Reflection questions
- What is your most common rung, in an ordinary week — and how do you know?
- Where on the ladder were you when you first started reading this entry?
- Which rung do you have the least vocabulary for? What might its signatures, in your body, actually be?
- Is there a recurring situation that reliably moves you up or down the ladder before you register the movement?
Frequently Asked Questions
How is this different from just noticing my feelings?
Feelings are the mind's interpretation of what the body is doing; tracking is reading the body before the interpretation arrives. The two often agree, but they part company exactly where the skill earns its keep — when the body is mobilised and the mind insists nothing is happening, or when the body is regulated and the mind is constructing a story about how it shouldn't be. Tracking reports the autonomic state; feelings report the mind's reading of that state. The practice asks for both, in that order.
Why can't I tell when I'm activated until it's too late?
Because most adults have spent years overriding the early signals. The body keeps reporting, but the attention has been trained away from the report. Tracking is not adding new sensitivity; it is restoring the receiver. Early in the practice, detection will lag the state by hours. That lag shrinks with weeks of brief, honest checking, until activation becomes legible in the second rung rather than the fifth.
Do I need to be calm to track my nervous system?

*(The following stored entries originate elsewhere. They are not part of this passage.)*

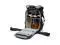Inside the back door, you'll discover zippered transparent organization pockets, perfect for storing accessories, along with a CradleFit laptop pocket that accommodates up to a 14'' MacBook Pro. The side doors boast large exterior stretch pockets, capable of holding up to a 1L bottle, reinforced at the bottom for added tripod support. Additional loops and pockets on the top of the sides provide quick access to essential items and secure tripod attachment. The backpack's ability to stand upright on its own enhances handling and accessibility.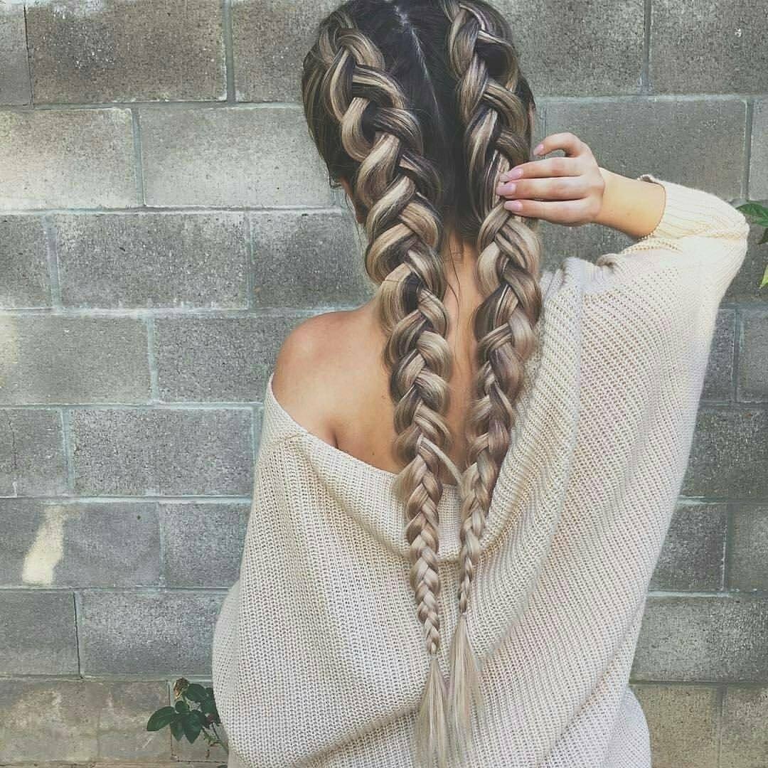 - На средние волосы заплетите одну косу у основания другой, спрятав концы. Проделайте то же самое со второй косой.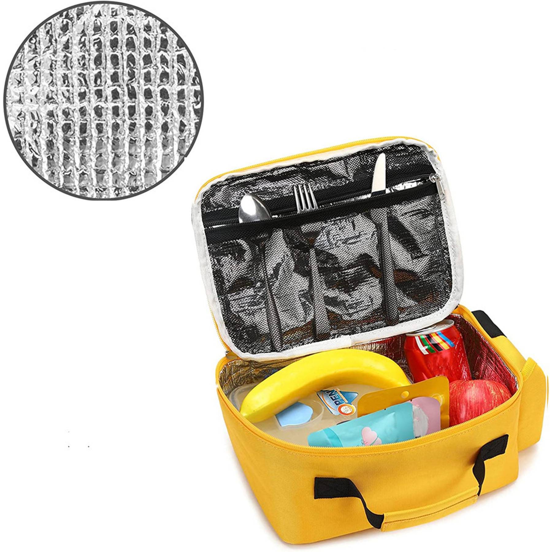 Toddler Lunch Bag features unique prints and 3D school bus design to make your child’s every day special, Size: 9.8”x4.7”x7. 7”, Side pockets for utensils and front zippered pockets for keys, cards, cell phone and other items. The toddler lunch cooler bag is made of sturdy canvas with an aluminum insulated lining that is easy to clean and BPA free.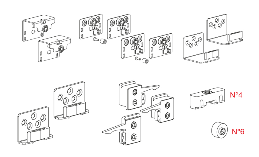 Sada kování pro 3 křídla. Brzda na prostředních dveřích vpravo, tzn otevírání pouze doleva. Tloušťka lamina max.22mm. Nosnost 30kg. Místo brzdy pro prostřední křídlo je možno použít oboustrannou brzdu DT232 umožňující otevření křídla na obě strany.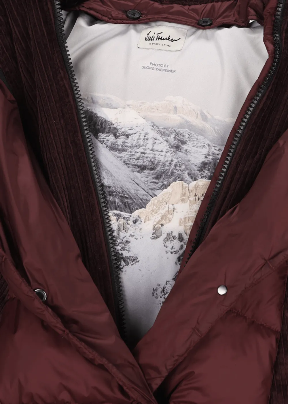 - Dieser gesteppte Daunen-Mantel aus Nylon im Comfort Fit mit Kapuze ist ein winterliches Lieblingsteil zum Wohlfühlen: Mit seinem hochgeschlossenen Cord-Innenteil an der Vorderseite, das Du durch einen Reißverschluss im Handumdrehen heraustrennen kannst, hält er Dich nicht nur warm, sondern sieht auch richtig edel aus. Weitere Highlights: Die verdeckten Druckknöpfe, die Cordeinsätze an den seitlichen Eingriffstaschen, der praktische Zwei-Wege-Reißverschluss, die wasserdichte Funktion und das Innenfutter mit exklusiv für Luis Trenker designtem Landschafts-Print.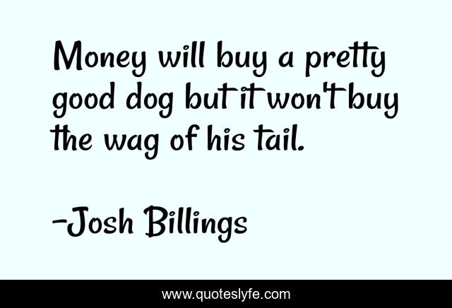 This page presents the quote "Money will buy a pretty good dog but it won't buy the wag of his tail.". Author of this quote is Josh Billings. .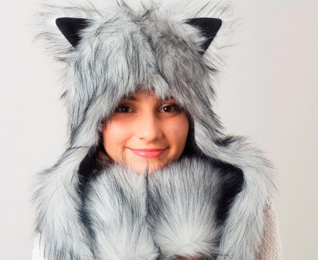 Эта шапка из искусственного меха, хотя по виду и не скажешь. Отличный подарок для девушки, которая без ума от хаски и вообще от всех кошечек-собачек. Греет не только голову, но и руки.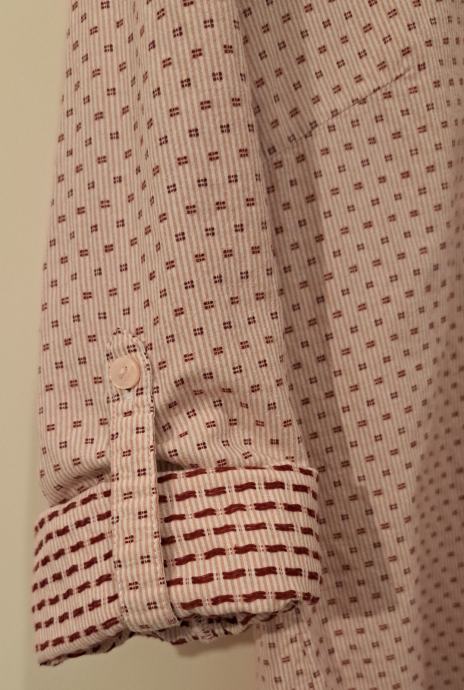 Malo nošena in zelo lepo ohranjena srajca. Velikost je XS, vendar je precej večja številka in bolj primerna za velikost S. Bombažna, mehka, udobna. Rokavi se lahko zavihajo in zapnejo. Hrbtna dolžina: 65 cm.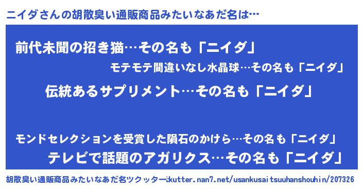 意味不明あだ名 | 『とにかく怪しいニイダ』『自称ニイダ』 |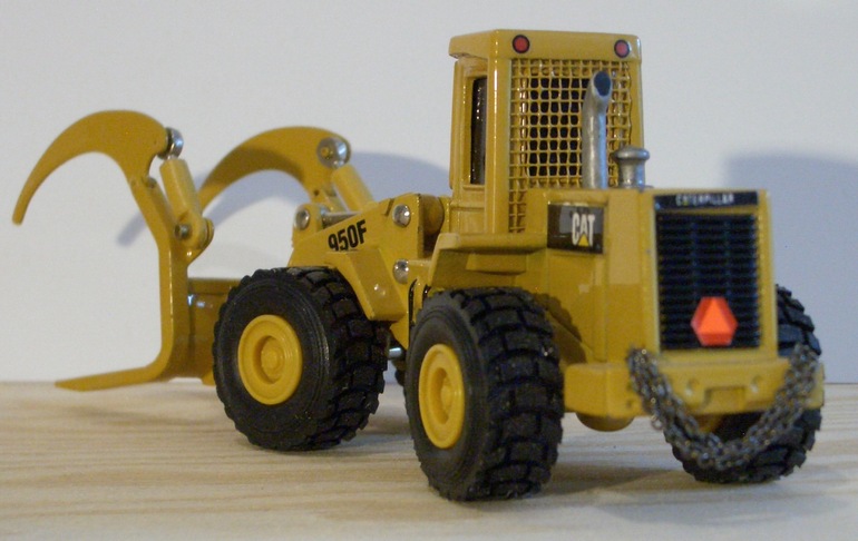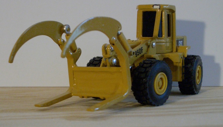 This was a Norscot Scale Models Caterpillar 950F Wheel Loader model where Carl removed the bucket and made into a log loader grapple. The wheels are from an Ertl machine. Note the single headlight at the top of the cab.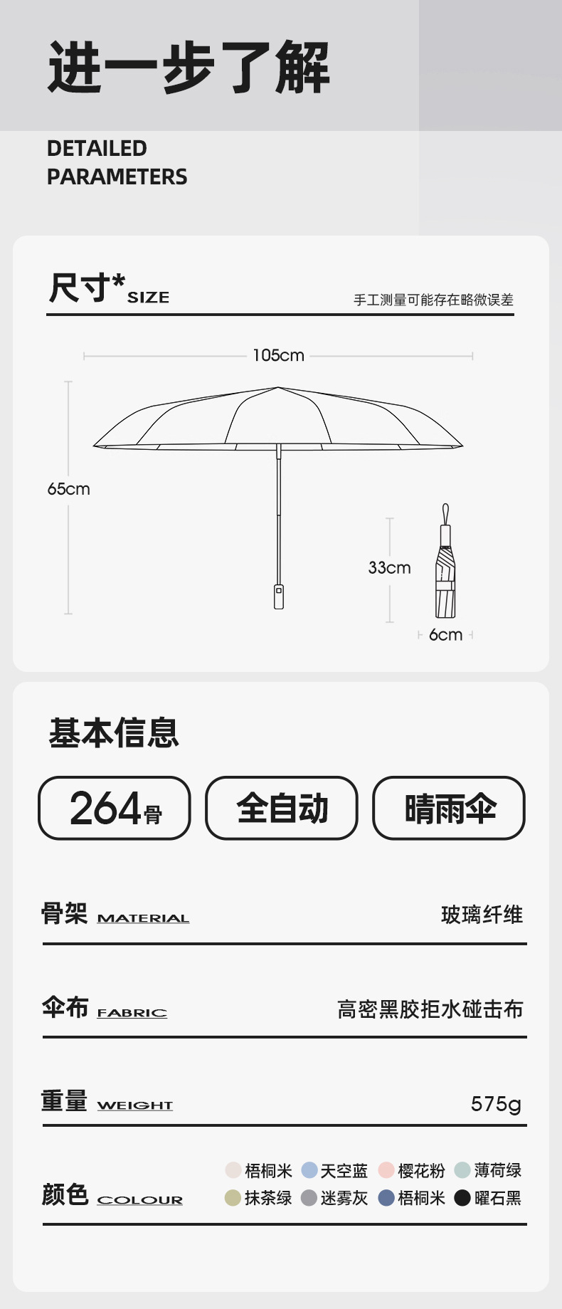 【全自动晴雨两用伞】抗暴风雨大号伞 264根骨加固加强伞架经久耐用

No — in fact, activated states are easier to track at first, because the signal is loud. The harder skill is tracking quiet states: subtle dorsal slipping, mild ventral availability. Calm is not a prerequisite. Honesty is. The practice asks for an accurate report of whatever rung is present, including the uncomfortable ones.

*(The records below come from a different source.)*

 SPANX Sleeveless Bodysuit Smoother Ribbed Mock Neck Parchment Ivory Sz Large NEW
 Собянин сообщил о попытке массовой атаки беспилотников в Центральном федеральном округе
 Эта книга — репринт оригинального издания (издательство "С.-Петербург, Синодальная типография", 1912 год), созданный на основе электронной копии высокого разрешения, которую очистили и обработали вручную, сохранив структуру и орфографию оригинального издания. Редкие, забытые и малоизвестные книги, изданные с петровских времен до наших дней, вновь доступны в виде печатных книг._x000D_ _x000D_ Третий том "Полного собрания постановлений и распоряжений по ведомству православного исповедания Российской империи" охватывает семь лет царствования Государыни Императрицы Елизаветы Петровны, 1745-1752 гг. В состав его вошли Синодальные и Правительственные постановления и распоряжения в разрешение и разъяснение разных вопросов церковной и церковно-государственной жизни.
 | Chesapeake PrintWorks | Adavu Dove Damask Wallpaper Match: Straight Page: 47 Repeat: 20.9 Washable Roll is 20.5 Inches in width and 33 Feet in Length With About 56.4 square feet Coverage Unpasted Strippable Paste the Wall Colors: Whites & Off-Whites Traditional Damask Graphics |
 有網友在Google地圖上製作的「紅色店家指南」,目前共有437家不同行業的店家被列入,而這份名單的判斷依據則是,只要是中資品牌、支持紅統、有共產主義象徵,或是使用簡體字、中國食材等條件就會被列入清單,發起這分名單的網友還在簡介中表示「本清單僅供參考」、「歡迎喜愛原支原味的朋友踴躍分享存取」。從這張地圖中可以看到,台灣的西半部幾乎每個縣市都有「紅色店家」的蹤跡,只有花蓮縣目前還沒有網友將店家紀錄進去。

How often should I check in with my nervous system?
Three brief check-ins a day is a reasonable starting structure. Each takes fifteen seconds. Over weeks, the checks integrate into the background and surface only when the state changes — at which point the practice has matured from scheduled to continuous, and the explicit reminders fall away.
What's the point of tracking if I can't change the state?
Detection is not preliminary to regulation; it is itself the foundational deposit. Knowing what state you are in changes the relationship to it even when no intervention follows. It also makes downstream interventions — resourcing, repair, regulation — precise rather than guesswork. And often, the act of accurate detection is itself partly regulating: the Threat System relaxes a notch when its report is heard.
How does this connect to Meaning Density?
Nervous system tracking is a high-density skill with a delayed harvest. Effort is modest, residue is near-zero, deposit is foundational — every downstream somatic deposit depends on it. The common substitute, cognitive labeling without somatic detection, runs the substitution pattern exactly: outer shape of self-awareness, System briefly relaxes, deposit does not land, residue (the unaddressed activation) compounds. The equation makes both the original and the substitute legible.